Размах бедствия открылся не сразу. В первые апрельские солнечные дни Трофим Тимофеевич заметил усыхание тонких ветвей прошлогоднего прироста. А полностью разгул опустошения стал ясен, когда пришла пора деревьям одеваться листвой: всюду торчали сухие, ужасающие своей скорбностью коряги.

— Аж страшно в сад зайти! — хлопала руками Фёкла. — Куда ни поглядишь — везде покойники! Силушку зря мы положили. Не видать нынче, бабоньки, яблочков. Не видать.

— Спиридоновна! — пробовал унять её садовод. — Раньше смерти в гроб не ложись, прежде времени не каркай.

— На коноплю надо уходить, — там прибытку больше.

— Можешь, хоть сейчас.

— А ты что меня сбываешь? — разъярилась Фёкла. — Я тебе всякую работушку сполняла не хуже других. И всё по агротехнике — точка в точку!

— Ну, так бери лопату. И всем звеном — на подсадку.

Вот когда пригодились саженцы! Их заботливо переносили из питомника и садили возле тех деревьев, на пробуждение которых уже не оставалось надежды.

Зашипели пилы. Дорогин спиливал те деревья, которые стояли в чулках здоровой коры, — у них ещё могут проснуться спящие почки и дать новые побеги.

В кварталах стланцев из каждого десятка уцелело каких-нибудь три-четыре яблони.

— Пиши — всё пропало. Руки опускаются, — грустили садоводы, наезжавшие в Гляден из соседних деревень. — Нынче, Тимофеич, ты тоже покорился морозу.

— Нынешний год, однако, из сотни — самый суровый, — успокаивал Дорогин. — Такие беды и на юге бывают. Иногда мороз добирается до Сочи. Так что же, репу там выращивать, что ли? Нет. Через два-три года подымаются новые сады. И у нас — тоже.

— Обиднее всего — ранетки помёрзли. Вон Пурпуровая — на что крепка и та поддалась.

— А сеянец Пудовщины целёхонек! — продолжал Дорогин. — Мороз-то явился суровым контролёром: «А ну-ка, опытники, что вы тут навыводили? Поглядим. На зубок попробуем». И грыз мороз покладистые для него деревья. А от упрямых отскакивал, как горох от стены. Вот посмотрите на гибриды: один поддался зимнему налётчику, а другой устоял. Живёт! И плодовые почки целы… Новые-то сады подымутся лучше старых!

Цвели в тот год лишь немногие яблони, и сад выглядел пятнистым. Но у Дорогина была отрада — его гибриды, а среди них — яблонька, которую Верунька назвала именем Анатолия. Правда, на этой яблоньке тоже были ветки с ожогами, и цветы на тех ветках засыхали, едва успев раскрыться. Но добрая половина кроны источала аромат — наилучший свидетель здоровья: будут яблоки!

Работу над книгой Трофим Тимофеевич забросил. Вера много раз настаивала.

— Посидим вечерок…

Он отговаривался:

— Лучше погодить… Мороз-то вон какие поправки внёс.

Однажды вечером, накинув на плечи пальто, он сидел у костра, где варилась к ужину похлёбка. Вера подошла к нему с листами бумаги в руках, села на чурбан:

— Послушай немного.

— Когда успела?! — улыбнулся отец. Настойчивость дочери ему была по душе.

— Это — из твоих тетрадей. Все мысли. Все наблюдения. Я только переписала в одно место. Если что не так — скажешь, поправим.
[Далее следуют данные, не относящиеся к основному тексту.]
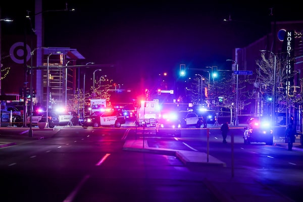 Police vehicles sit outside the Belmar shopping center where authorities say the suspect in a shooting spree that claimed five lives was shot and killed in Lakewood, Colo., on Dec. 27.Michael Ciaglo/Getty Images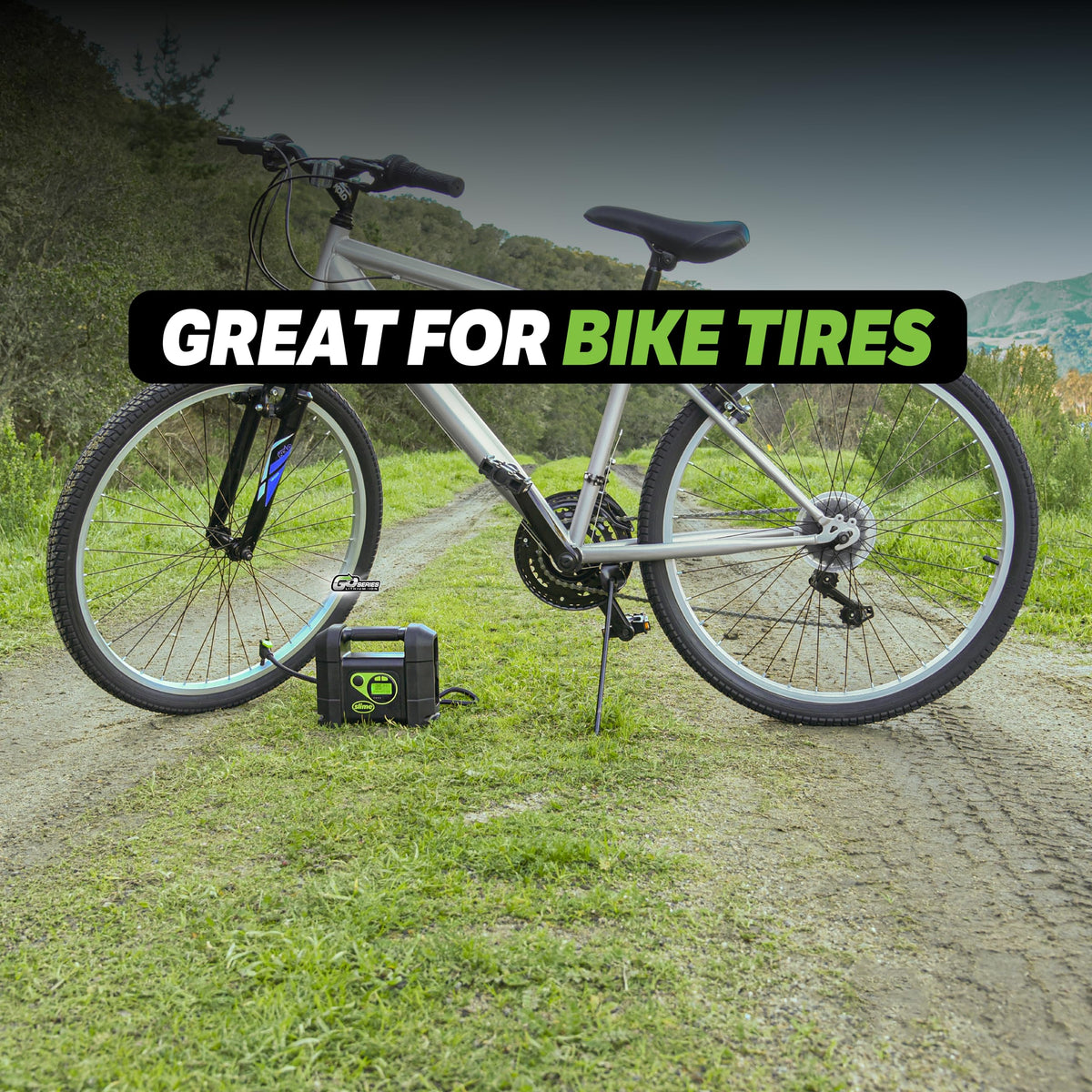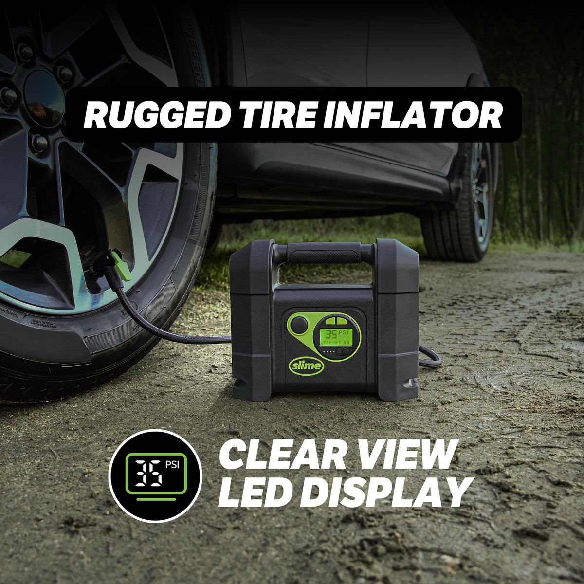 Air up anything, anywhere! Slime's Cordless Tire Inflator offers the most desired tire inflator features in one sleek, durable design. With a built-in Lithium Ion battery, a digital gauge with Inflate Right Technology (auto shut-off at set psi), very bright LED lights and a rubberized housing with solid base, the Slime Cordless Tire Inflator delivers both power and portability!

Вера читала новую главу. Время от времени старик останавливал её:

— Тут поставь крыжик. Сделаем добавленье…

2

Как всегда в весеннюю пору, птицы разноголосо, наперебой славили рассвет. Трофим Тимофеевич вышел на крыльцо и прислушался. В птичьем хоре недоставало основных голосов. А ведь те певцы, обитатели тёплых скворешен, бывало, в апреле по утрам, когда неподвижный прохладный воздух наполнялся сиреневой дымкой, просыпались раньше всех и слетались на высокие тополя весёлыми стайками, пошевеливая крылышками, то поодиночке, то хором посвистывали, щебетали, подражая и звону капель, падающих с крыши дома, и журчанью первых ручейков в снежных берегах. Этим весёлым сборищам срок был недолгий. Прошла неделя, и скворцы, расселившись попарно, стали петь у своих скворешен. А в мае наступила счастливая пора воспитания потомства, и маленькие птички от зари до зари отыскивали в саду гусениц, ловили бабочек и относили своим желтоклювым птенцам.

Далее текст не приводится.